CATALINA GARCÍA GONZÁLEZ: 1ª ESPAÑOLA CON CARNET DE CONDUCIR

Era el año 1925 cuando esta singular leonesa entraba en la historia, aunque a ella lo que le preocupaba era poder comenzar a trabajar al volante de aquel coche de matricula LE-934 comprado antes de obtener el permiso de conducir.

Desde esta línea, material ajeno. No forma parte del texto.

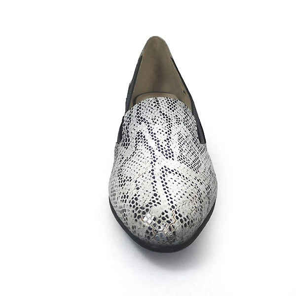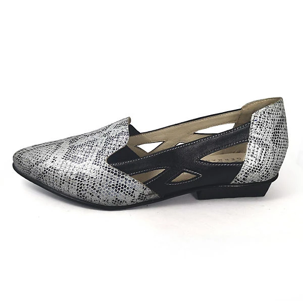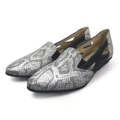 Dieser extravagante Slipper im Pantoffelschnitt besticht durch sein ausgefallenes Leder. Der Schuh mit einer Absatzhöhe von 2 cm und einer 3 mm Topflexsohle lädt zum Stadtbummel ein. Das Innenleder ist 100 % Bioleder und mit einer bequemen 3 mm Eva-Innensohle gepolstert. Auch barfuß kann der Schuh bedenkenlos getragen werden.
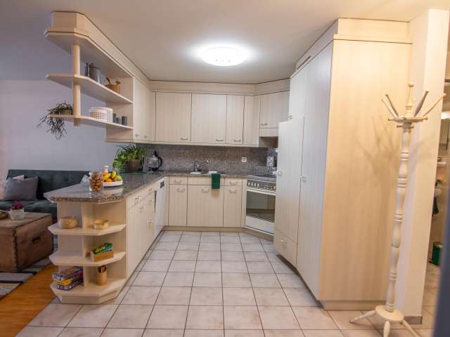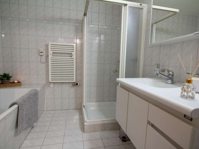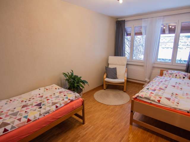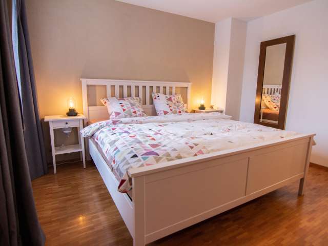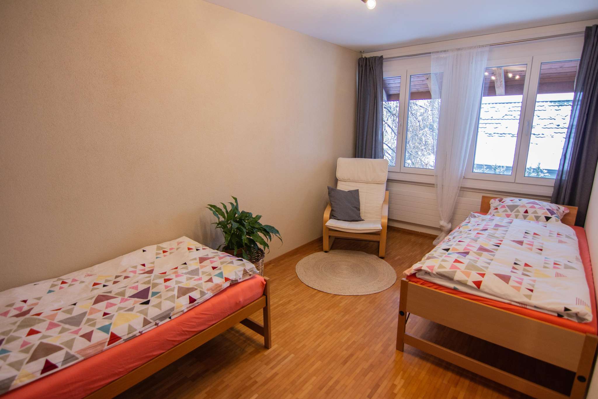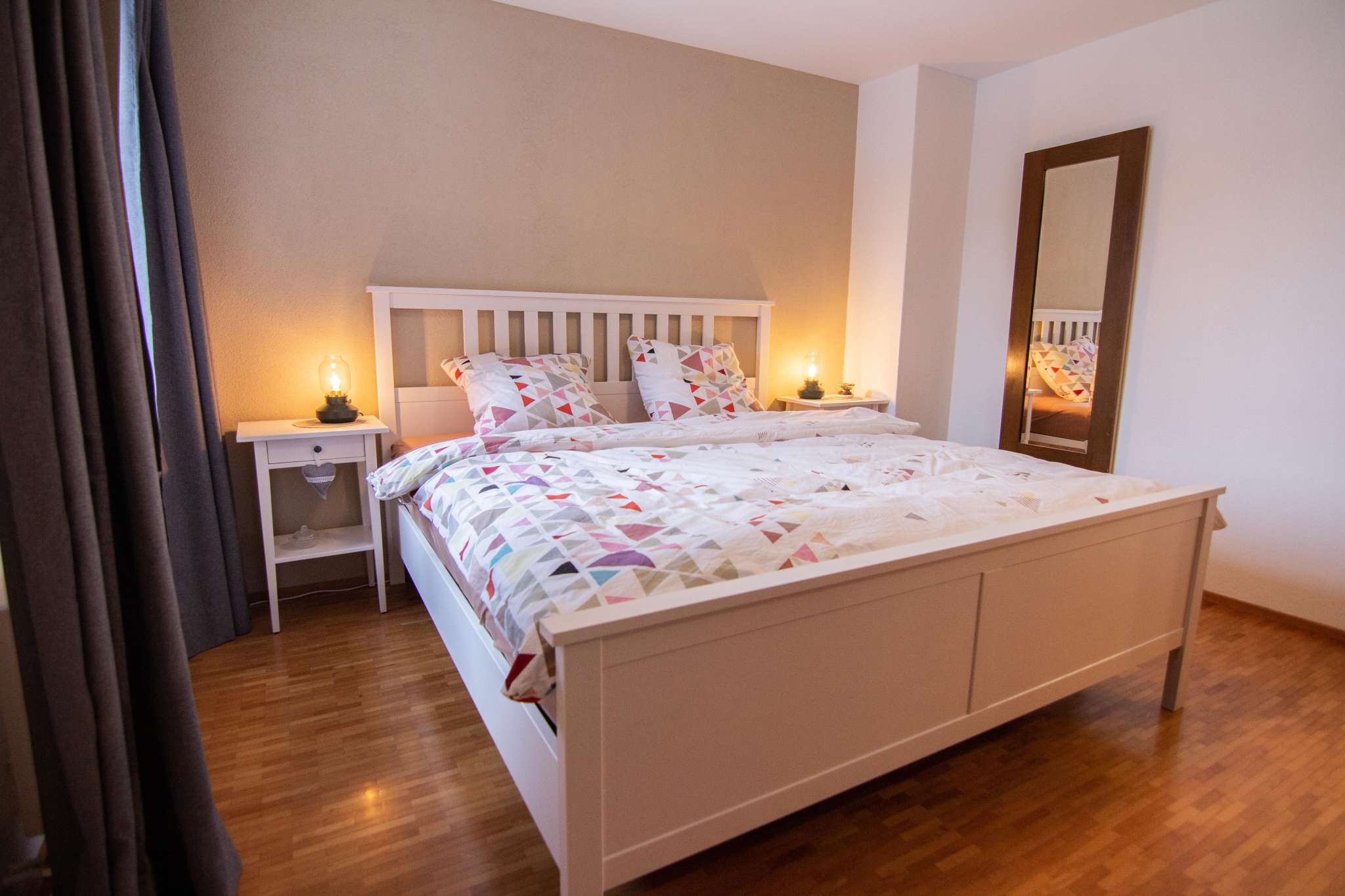 The three-room flat is equipped with a kitchen, a separate WC, a bathroom with shower and bathtub, two bedrooms, one with a double bed and one with two single beds, and invites you to relax and enjoy yourself. (Maximum occupancy: 5 persons)
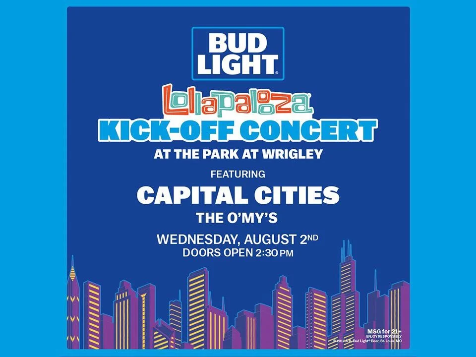 Aug. 2: Capital Cities with The O'My's [Lollapalooza Kick-Off Concert] Wednesday, August 2, 2017 2:30 PM 4:30 PM 14:30 16:30 The Park at Wrigley 1060 W Addison St. Chicago, IL (map) Google Calendar ICS Doors: 2:30PM | Free | All AagesCapital Cities with The O'My's [Lollapalooza Kick-Off Concert]
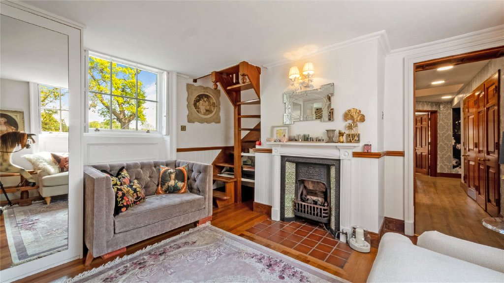 The snug, located in the original lodge, features stunning mahogany floors and period fireplace. The snug has previously served as a double bedroom, nursery, and now as a relaxed retreat. Above it, one of the double bedrooms enjoys the same historic charm. This self-contained section of the home is perfect for live-in staff, a guest suite, or a teenager seeking independence. The flexibility of the space allows for the property to grow and change alongside its residents, as it has done for the past 38 years.
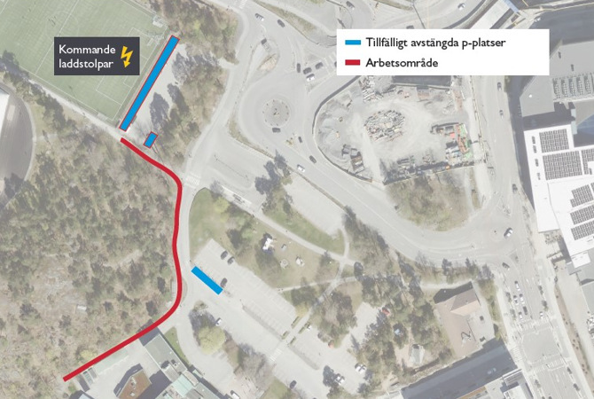 24 november – 7 december (vecka 48 och 49) monteras laddstolparna vilket innebär att parkeringsplatserna närmast fotbollsplanen inte kommer att vara tillgängliga under den här perioden.
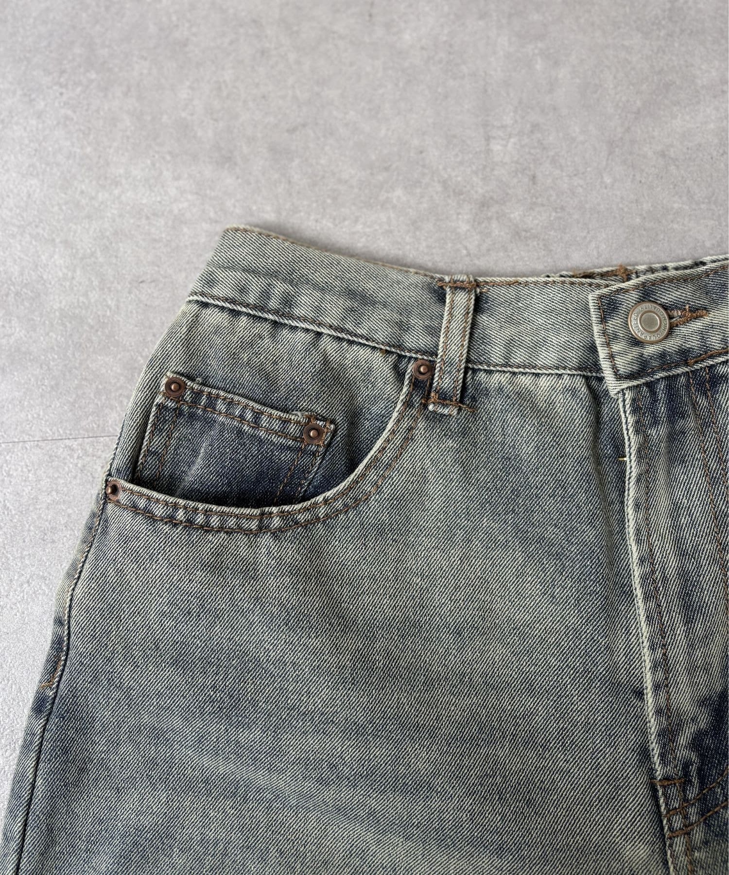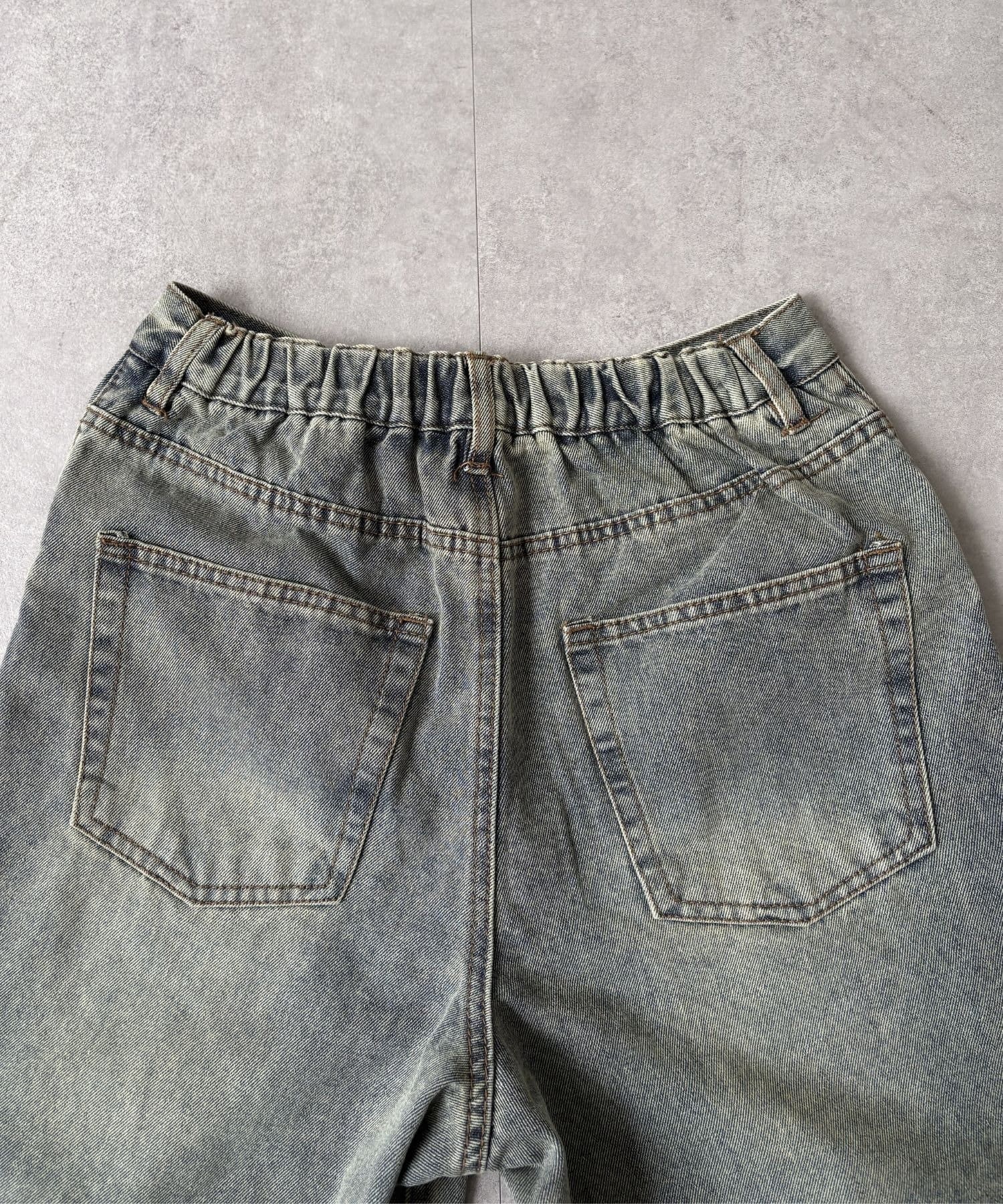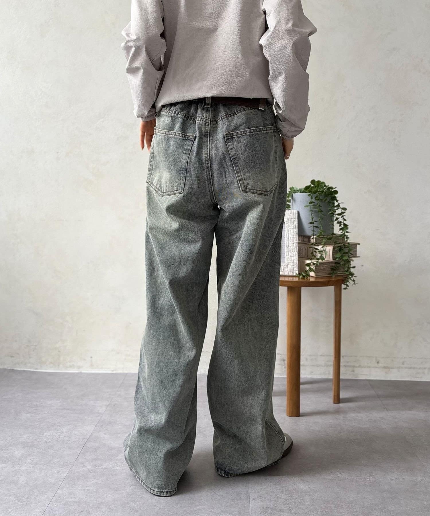 このデニムの最大のポイントは、なんといってもこの大胆なまでのワイドシルエット。ストンとまっすぐ落ちるラインが、気になるヒップや太もも、ふくらはぎまで、脚全体のラインをまるっとカバーしてくれます。
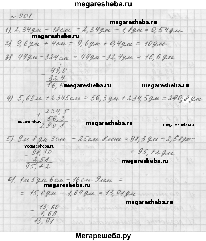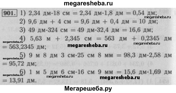 901. Выразите данные величины в дециметрах и выполните действия: 1) 2,34 дм - 18 см; 2) 9,6 дм + 4 см; 3) 49 дм - 324 см; 4) 5,63 м + 2 345 см; 5) 9 м 8 дм 3 см - 25 см 8 мм; 6) 1 м 5 дм 6 см - 16 см 9 мм.
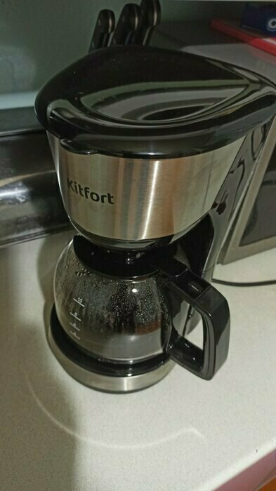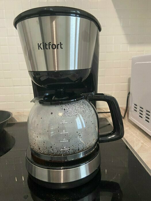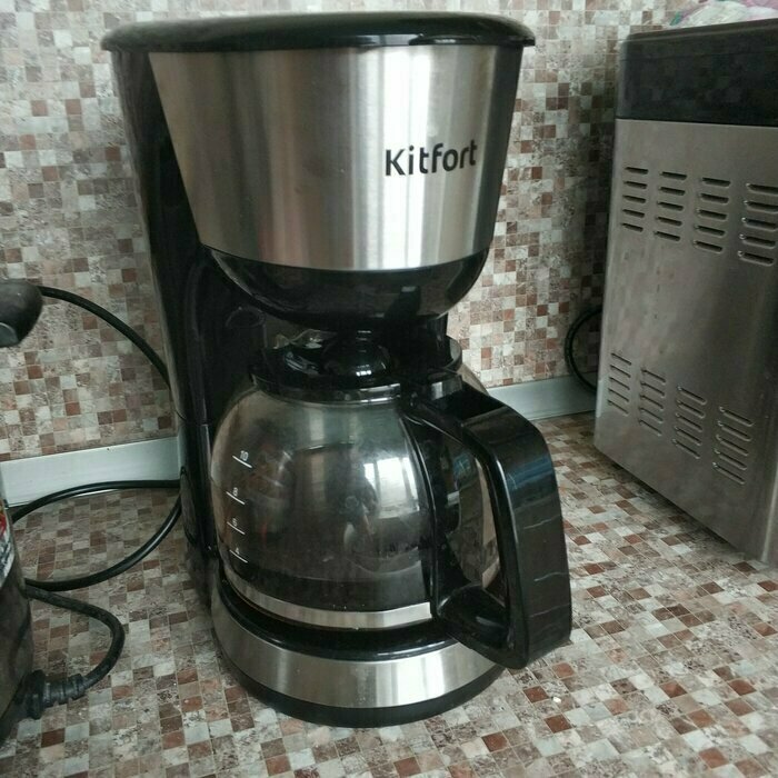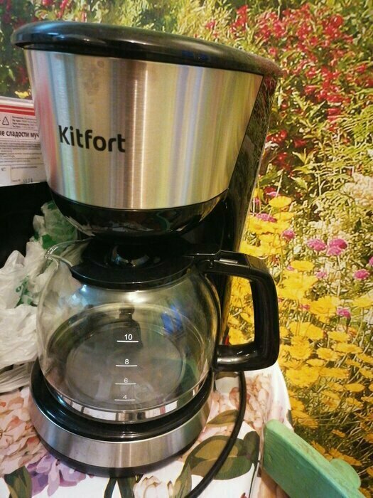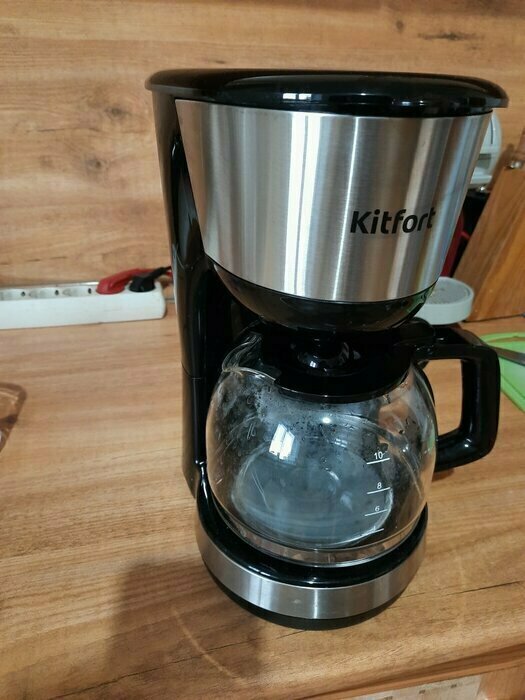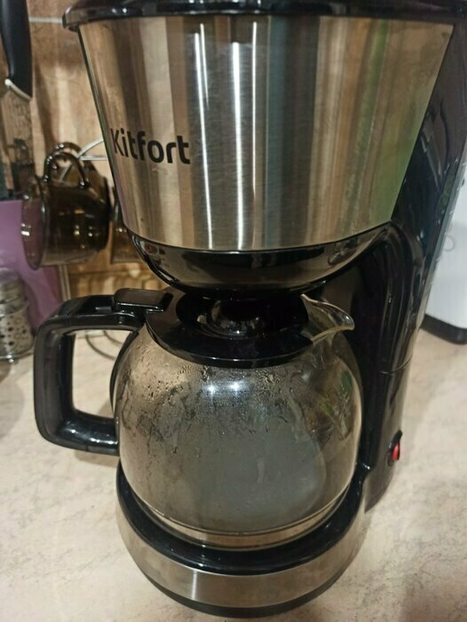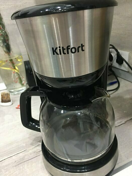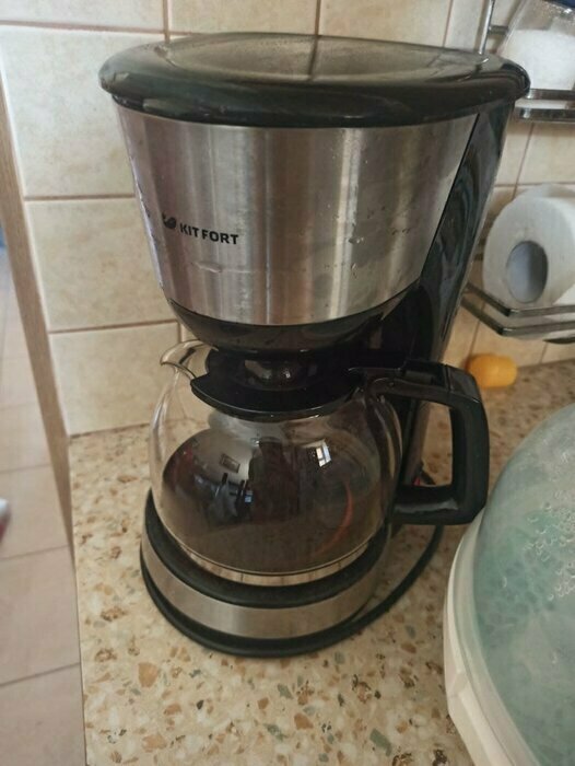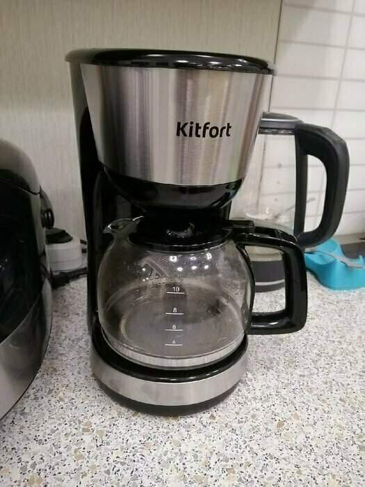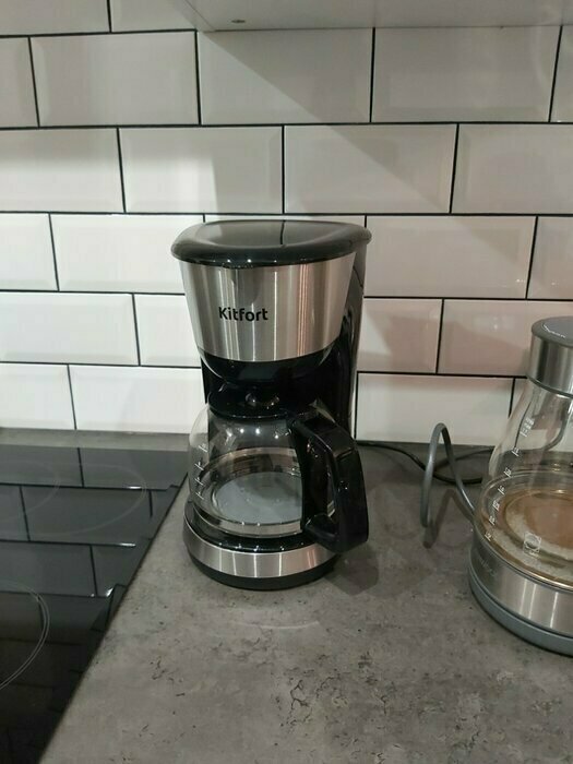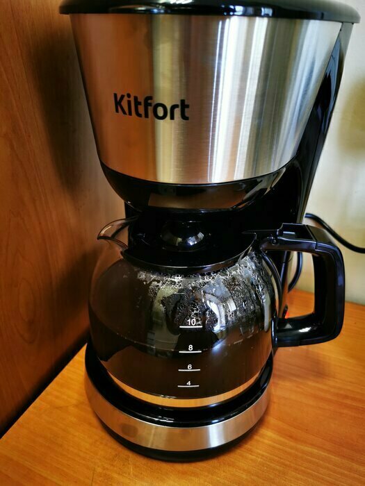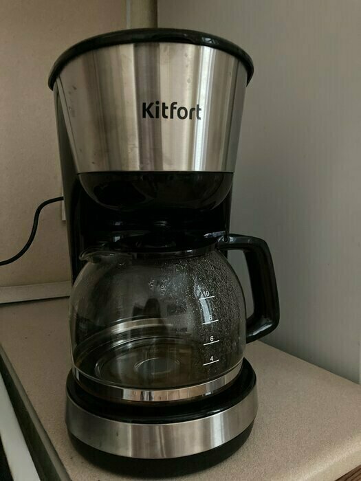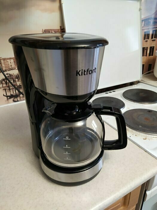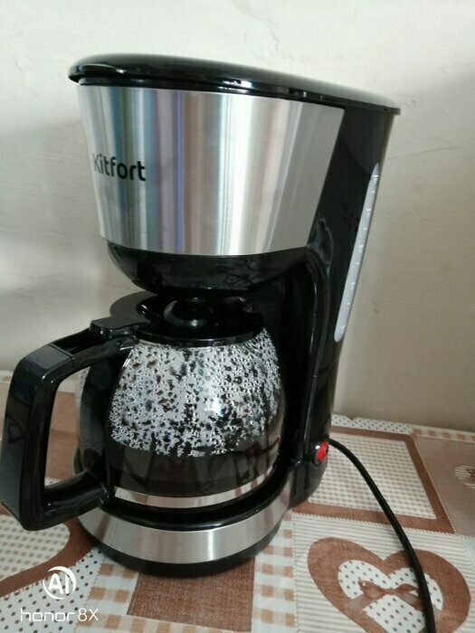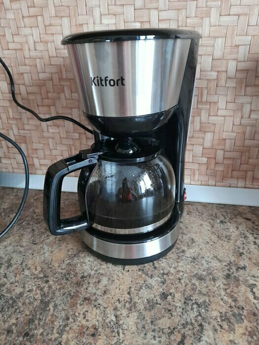 Купили сегодня кофеварку китфорт. Сварила кофе за 5 минут. В принципе со своей функцией справляется хорошо. Оптимальный объем кувшина, многоразовый фильтр. Посмотрим как будет работать в дальнейшем. Пока претензий нет.

El Real Decreto de 23 de julio de 1918, establecía que para acceder al permiso de conducir se debía conseguir un certificado médico que demostrara, entre otras cosas, las suficientes capacidades auditivas y visuales, y un certificado de buena conducta expedido por la Alcaldía. La edad a la que se podía solicitar el permiso estaba comprendida entre los 18 y los 77 años. Los menores de edad y las mujeres también podían obtener el permiso, pero debían presentar autorización paterna o marital. También se debía demostrar otras aptitudes como saber leer y escribir, conocer el reglamento y saber conducir. Esto último se demostraba ante ingenieros de caminos, civiles, mecánicos o de cualquier otra rama previamente designados por el gobernador civil de la provincia. Resulta curioso es su artículo 33, que prohibía realizar durante la marcha cualquier actividad que pudiera causar distracción, entre las que se detalla de forma concreta la prohibición de fumar.

Catalina García nació en Puebla de Lillo (León) el 14 de abril de 1888, hija de Baltasar García, un Guardia civil de Rioseco de Tapia, y de Juliana González, ama de casa,de Puebla de Lillo.

En 1902, cuando Catalina tenía 14 años, se dedicaba a bajar a lomos de su caballo capachos cargados de truchas, para facturarlos en los Ferrocarriles del Norte en La Robla, con destino a Madrid.

Seis años más tarde, en 1908, iniciaría un servicio regular de transporte de viajeros, creando la línea Cofiñal–Puebla de Lillo –Boñar, cuyo servicio realizaba en su coche de caballos con cabida para cuatro-cinco pasajeros, que bajaba por la mañana para regresar por la tarde.

Así hasta 1925, cuando sacó el carnet de conducir, siendo la primera mujer española en conseguirlo. Se examinó en León con su propio coche, el que su marido había adquirido tres años antes, un Ford modelo T, un automóvil de bajo coste producido por Ford Motor Company de Henry Ford desde 1908 a 1927. Con el mismo se introdujo la producción en cadena, popularizando la adquisición de los automóviles. El Ford T fue muy popular en los campos por resistir los toscos caminos rurales.

FORD Modelo T del 1910
Fuente: es.wikipedia.org

En 1928, Catalina compró su segundo coche, un Hispano–Suizo con matrícula LE–1634, con el que consiguió la concesión en exclusiva para la línea, al amparo de la Real Ordenanza aprobada en el año 1924. Esta exclusividad era gratuita, pero estaba condicionada a tener que subir y bajar desde Boñar, el correo a todos los pueblos por donde pasaba y hacía parada: Cofíñal, Puebla de Lillo, El Campo, Las Cuevas, Vegamián, Venta de Ferreras, Valdecastillo, Remellan y Cerecedo, sin obtener ningún tipo de remuneración.

Hispano-Suiza, marca fundada en Barcelona en 1904, fue una empresa española de automóviles de lujo y competición, que tuvo también su vertiente en el diseño y fabricación de motores de aviación, motores de embarcaciones, vehículos de transporte y bélicos, así como de armas.

El Valle de Boñar, León, España
Fuente: barogenealogia.blogspot.com

Catalina realizaba cuatro viajes diarios de Cofiñal a Boñar, mientras repartía el correo, medicamentos y demás encargos de los 21 pueblos que atravesaba en sus viajes, compaginándolo con la crianza de sus hijos y atender la posada familiar que llevaba su nombre: “Casa Catalina”.

En 1948 vendió la empresa a F López, (Empresa López). Veinte años más tarde y a pesar de esto y del nuevo nombre rotulado en el autobús, las gentes de la zona seguían llamando al coche de línea “el coche de Catalina”, y es que esta valiente mujer había calado hondo en el corazón de aquellas gentes.

Murió en 1959, año en el que el cáncer no quiso saber nada de los méritos de esta mujer que se pasó más de medio siglo por las carreteras, la que fue la primera mujer conductora de España y la primera en obtener la concesión de una línea de transporte de viajeros.

A la hora de recordar la figura de esta mujer pionera, debemos pensar en los coches de aquella época y en la comarca en la que Catalina trabajó, de alta montaña, con nevadas considerables que propiciarían todo tipo de anécdotas.